→ WORK REQUEST: Verbatim reproduction of the entries is required; images must be omitted.

Source data:
┄┄┄┄┄┄

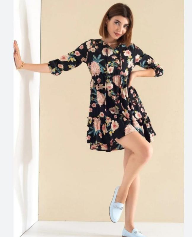 Предлагаю стильное безупречное женское платье оверсайз в цветочный принт от зара. Красивое сочетание цветов на черном фоне. Состояние ноаои вещи. Страна бурлбник Турция Размер М, подойдут также на S. для более точного понимания надеваю замеры: ПО груди 48 см(от шва до шва под рукавами) длина 85 см
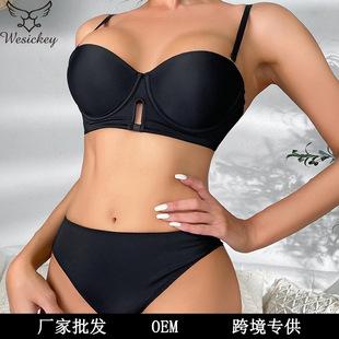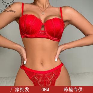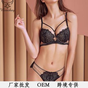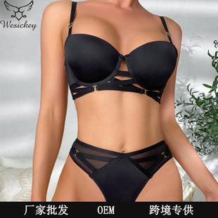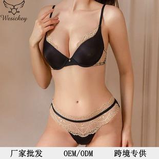 Lencería sexy transfronteriza europea y americana para mujer, top delgado y parte inferior gruesa, brasier push-up para busto pequeño, conjunto de brasier push-up ajustable
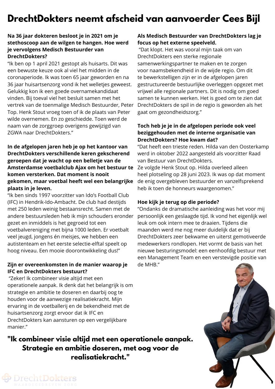 DrechtDokters neemt afscheid van aanvoerder Cees Bijl
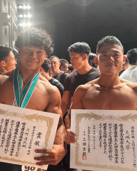 その言葉通り、日本体育大や東海大学など強豪が揃う関東勢に対抗するため、この1年間、筋肉をバランスよくつけながら「見劣りしないようひたすら体を大きくするトレーニングに励んだ」と久野さん。全国の精鋭40人がエントリーする中、ステージ上で鍛え抜いた肉体と洗練されたポージングを披露し「大学生ボディビルダー日本一」に輝きました。
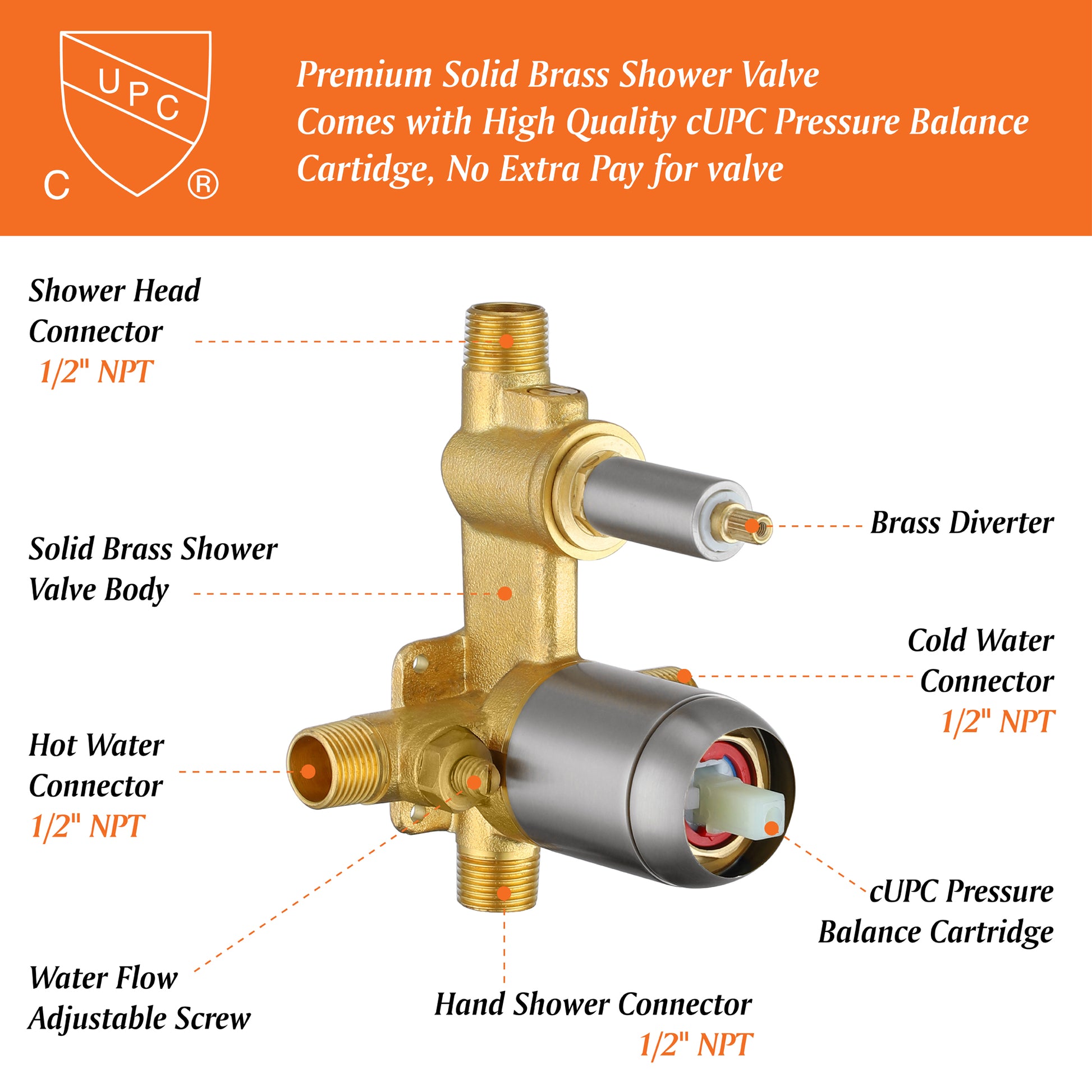 cUPC Certified and Anti scald advanced pressure balance ceramic disc cartridge with cUPC certification protects against scalding from sudden hot or cold water changes
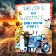 Farm birthday party welcome poster size 16x20 inches. Personalize with child's name in blue to welcome guests to the party. Add his, or her, age at the bottom corner. Red gingham checks background, with sunflowers, blue tractor, pile of hay, bull and cow image. The design is perfect for a little boy's farm themed birthday of any age. You may change the size as long as the dimensions are similar. No text should be near the edges. You may also choose to download this design to print your own poster.
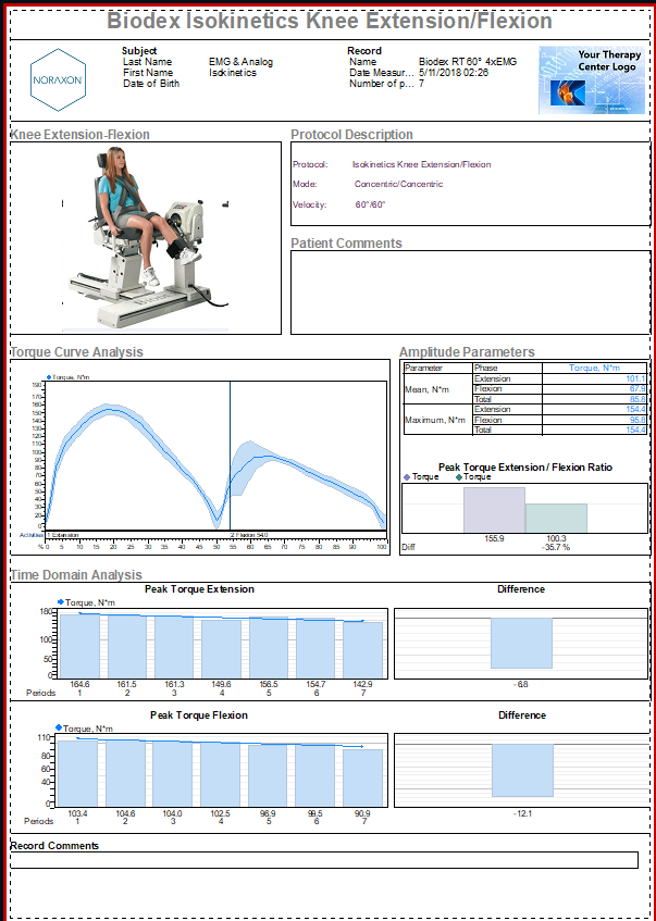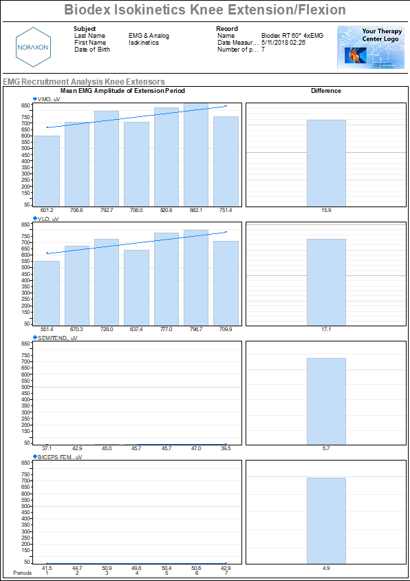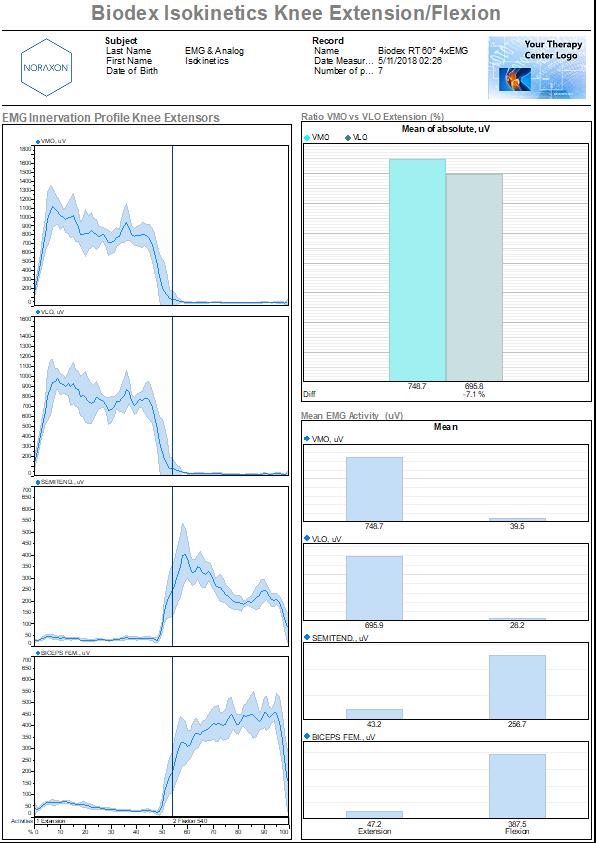 A report for the Biodex are available pre-built into the MR software. If you assigned a report when you created the protocol, the report will be automatically generated. The “Biodex Isokinetics Knee” report is designed for the analysis of synchronized measurement of EMG and biomechanical output signals (torque, angle, velocity) during any isokinetic activity. The isokinetics output signals need to physically connected and integrated into the EMG recording, at minimum the torque and the position signal has to be recorded. The report setup depends on the given Isokinetics device and the predefined report setup may need some adjustments to the given isokinetics system.
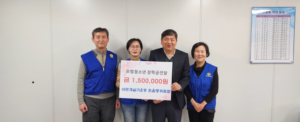 부산진구 바르게살기운동 초읍동위원회(위원장 김미경)는 1월 13일 초읍동 주민센터(동장 정간호)를 통해 형편이 어려운 중·고생을 위한 장학금 150만 원을 전달했다.
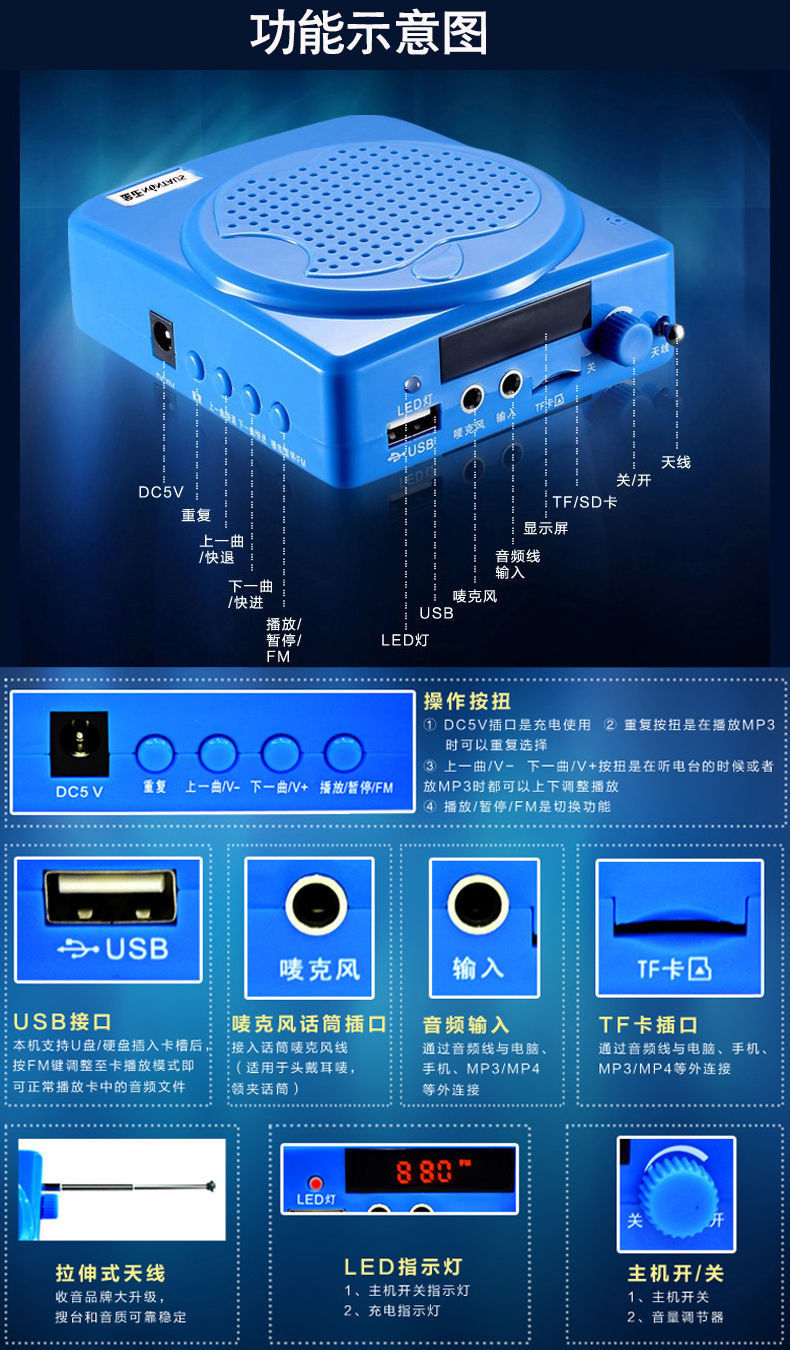 교사를 위한 소형 확성기, 교사 전용 마이크, 투어 가이드, 무선 마이크, 대용량 거리 스피커, 스피커, 대외 무역스토어 가기
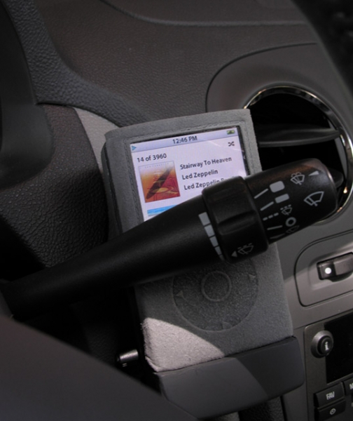 iPod Mount made out of a modified DLO Transpod Direct. With exception to the audio out plug seen in the this picture and a tiny bit of the aux wire plugged into the radio, no wires are visible.
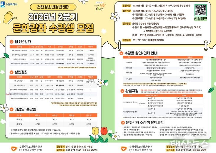 태산뉴스 이동욱 기자 | 수원시청소년청년재단 천천청소년청년센터는 지역 청소년 및 성인을 대상으로 하는 2분기 문화강좌 수강생을 모집한다고 밝혔다.
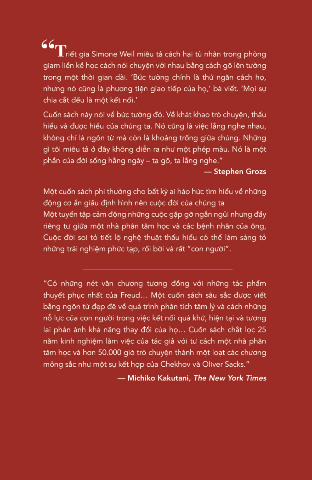 Một cuốn sách phi thường cho bất kỳ ai háo hức tìm hiểu về những động lực ẩn giấu định hình nên cuộc sống của chúng ta Chúng ta đều là những người kể chuyện – chúng ta tạo nên những câu chuyện khiến cuộc sống của chúng ta ý nghĩa. Một tuyển tập cảm động những cuộc gặp gỡ ngắn ngủi nhưng đầy riêng tư giữa một nhà phân tâm học và các bệnh nhân của ông, Cuộc Đời Soi Tỏ tiết lộ nghệ thuật thấu hiểu có thể soi tỏ những trải nghiệm phức tạp, rối bời và rất “con người”. Và trên hết, những câu chuyện này chỉ cho chúng ta không chỉ cách để yêu bản thân mà còn cả cách để tìm thấy bản thân.
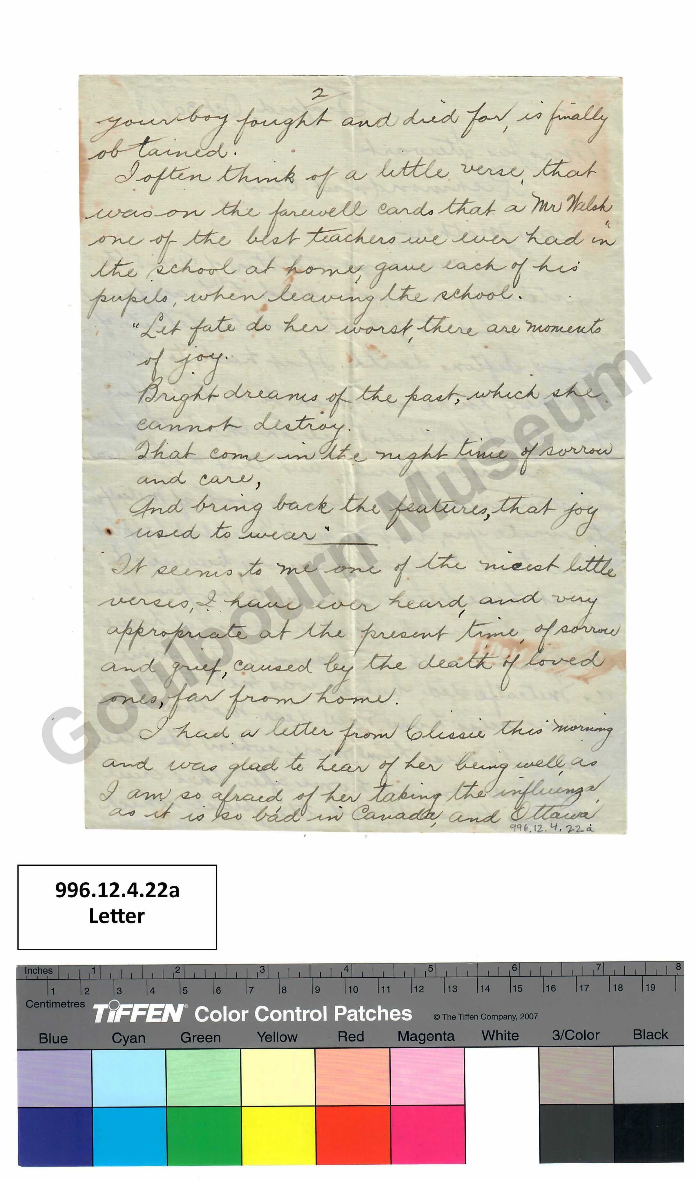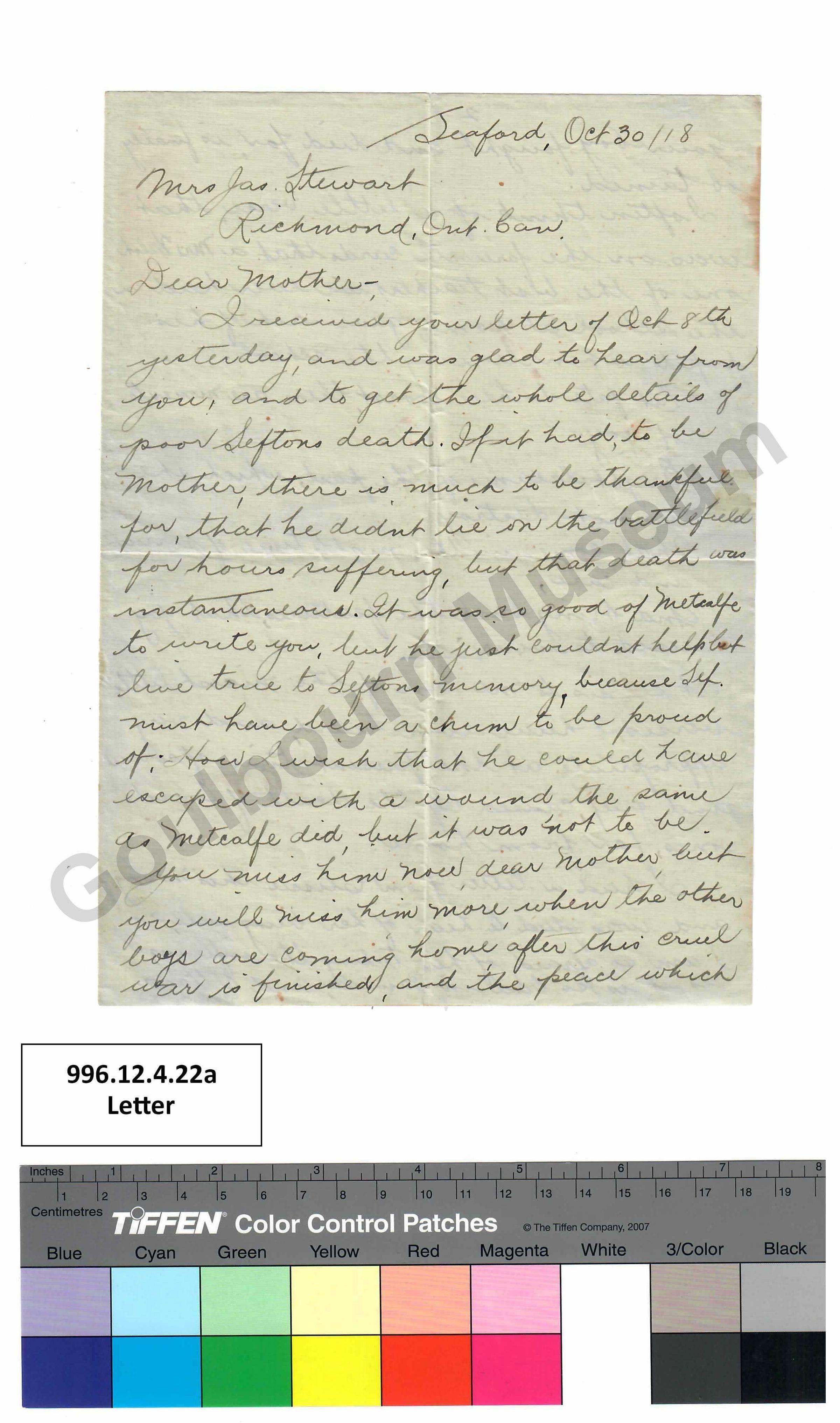 I received your letter of Oct 8th yesterday, and was glad to hear from you, and to get the whole details of poor Seftons death. If it had, to be mother, there is much to be thankful for, that he didnt lie on the battlefield for hours suffering, but that death was instantaneous. It was so good of Metcalfe to write you, but he just couldnt help but live true to Seftons memory, because Sef [abbreviated: Sefton] must have been a chum to be proud of. How I wish that he could have escaped with a wound the same as Metcalfe did, but it was not to be. You miss him now dear mother but you will miss him more when the other boys are coming home after this cruel war is finished, and the peace which

┄┄┄┄┄┄

→ OUTPUT FOR THIS TASK:
 Предлагаю стильное безупречное женское платье оверсайз в цветочный принт от зара. Красивое сочетание цветов на черном фоне. Состояние ноаои вещи. Страна бурлбник Турция Размер М, подойдут также на S. для более точного понимания надеваю замеры: ПО груди 48 см(от шва до шва под рукавами) длина 85 см
 Lencería sexy transfronteriza europea y americana para mujer, top delgado y parte inferior gruesa, brasier push-up para busto pequeño, conjunto de brasier push-up ajustable
 DrechtDokters neemt afscheid van aanvoerder Cees Bijl
 その言葉通り、日本体育大や東海大学など強豪が揃う関東勢に対抗するため、この1年間、筋肉をバランスよくつけながら「見劣りしないようひたすら体を大きくするトレーニングに励んだ」と久野さん。全国の精鋭40人がエントリーする中、ステージ上で鍛え抜いた肉体と洗練されたポージングを披露し「大学生ボディビルダー日本一」に輝きました。
 cUPC Certified and Anti scald advanced pressure balance ceramic disc cartridge with cUPC certification protects against scalding from sudden hot or cold water changes
 Farm birthday party welcome poster size 16x20 inches. Personalize with child's name in blue to welcome guests to the party. Add his, or her, age at the bottom corner. Red gingham checks background, with sunflowers, blue tractor, pile of hay, bull and cow image. The design is perfect for a little boy's farm themed birthday of any age. You may change the size as long as the dimensions are similar. No text should be near the edges. You may also choose to download this design to print your own poster.
 A report for the Biodex are available pre-built into the MR software. If you assigned a report when you created the protocol, the report will be automatically generated. The “Biodex Isokinetics Knee” report is designed for the analysis of synchronized measurement of EMG and biomechanical output signals (torque, angle, velocity) during any isokinetic activity. The isokinetics output signals need to physically connected and integrated into the EMG recording, at minimum the torque and the position signal has to be recorded. The report setup depends on the given Isokinetics device and the predefined report setup may need some adjustments to the given isokinetics system.
 부산진구 바르게살기운동 초읍동위원회(위원장 김미경)는 1월 13일 초읍동 주민센터(동장 정간호)를 통해 형편이 어려운 중·고생을 위한 장학금 150만 원을 전달했다.
 교사를 위한 소형 확성기, 교사 전용 마이크, 투어 가이드, 무선 마이크, 대용량 거리 스피커, 스피커, 대외 무역스토어 가기
 iPod Mount made out of a modified DLO Transpod Direct. With exception to the audio out plug seen in the this picture and a tiny bit of the aux wire plugged into the radio, no wires are visible.
 태산뉴스 이동욱 기자 | 수원시청소년청년재단 천천청소년청년센터는 지역 청소년 및 성인을 대상으로 하는 2분기 문화강좌 수강생을 모집한다고 밝혔다.
 Một cuốn sách phi thường cho bất kỳ ai háo hức tìm hiểu về những động lực ẩn giấu định hình nên cuộc sống của chúng ta Chúng ta đều là những người kể chuyện – chúng ta tạo nên những câu chuyện khiến cuộc sống của chúng ta ý nghĩa. Một tuyển tập cảm động những cuộc gặp gỡ ngắn ngủi nhưng đầy riêng tư giữa một nhà phân tâm học và các bệnh nhân của ông, Cuộc Đời Soi Tỏ tiết lộ nghệ thuật thấu hiểu có thể soi tỏ những trải nghiệm phức tạp, rối bời và rất “con người”. Và trên hết, những câu chuyện này chỉ cho chúng ta không chỉ cách để yêu bản thân mà còn cả cách để tìm thấy bản thân.
 I received your letter of Oct 8th yesterday, and was glad to hear from you, and to get the whole details of poor Seftons death. If it had, to be mother, there is much to be thankful for, that he didnt lie on the battlefield for hours suffering, but that death was instantaneous. It was so good of Metcalfe to write you, but he just couldnt help but live true to Seftons memory, because Sef [abbreviated: Sefton] must have been a chum to be proud of. How I wish that he could have escaped with a wound the same as Metcalfe did, but it was not to be. You miss him now dear mother but you will miss him more when the other boys are coming home after this cruel war is finished, and the peace which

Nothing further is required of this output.